Without the abscission process to remove the dead leaves, the senescent tissues would shade the new spring growth that appears the following growing season. Hence, senescence and abscission provide a means by which perennials can recycle a major portion of leaf materials as the plants prepare for both the cold weather and the following growing season.

Competition for nutrients from other parts of the plant may initiate the senescence process. The pull of nutrients to another part of the plant such as roots, flowers, or fruit would reduce the amount of these materials bound for the leaves.

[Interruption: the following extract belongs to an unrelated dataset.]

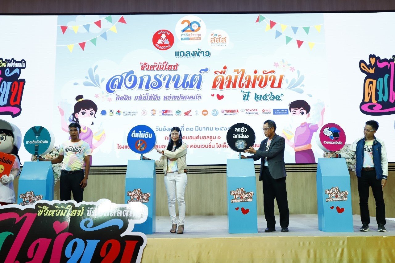 วันที่ 30 มีนาคม 2564 ที่โรงแรมแกรนด์ริชมอนด์ สไตลิช คอนเวนชั่น จังหวัดนนทบุรี สำนักงานกองทุนสนับสนุนการสร้างเสริมสุขภาพ (สสส.) ร่วมกับสำนักงานเครือข่ายลดอุบัติเหตุ (สคอ.) แถลงข่าว “ชีวิตวิถีใหม่ สงกรานต์ดื่มไม่ขับ คิดถึงกลับให้ถึงอย่างปลอดภัย” ปี 2564 เพื่อร่วมรณรงค์ป้องกันและลดอุบัติเหตุทางถนน สร้างกระแสรับรู้ เพิ่มความตระหนักขับขี่ปลอดภัยในแบบชีวิตวิถีใหม่แก่ผู้ใช้รถใช้ถนนในช่วงเทศกาลสงกรานต์

The reduced supply of nutrients could very well decrease synthetic rates, and the overall result would be a decline in major leaf macromolecules such as proteins, chlorophyll, and nucleic acids.

Competition alone, however, cannot account for the senescence and abscission phenomena, because even in plants that do not produce fruit, the leaves experience aging and the loss of leaves. In addition, numerous studies have shown that leaf senescence will still occur when flowers are removed from the plant soon after being formed.

Although competition for nutrients may not be the sole cause of the phenomenon, the mobilization of substances such as amino acids and carbohydrates from the leaves to other metabolic sinks, such as the fruit, is definitely linked to the initiation of senescence.

Several of the plant hormones or other factors that stimulate mobilization also hasten senescence. Hence, it is possible that the competition for nutrients triggers the production of some unknown senescence hormone by the fruit or some other competing plant part.

This theoretical substance would be transported to the leaves, where it would initiate mobilization of leaf contents. This mobilization might enhance senescence, which, in turn, might trigger the metabolic reactions that lead to abscission of the leaves.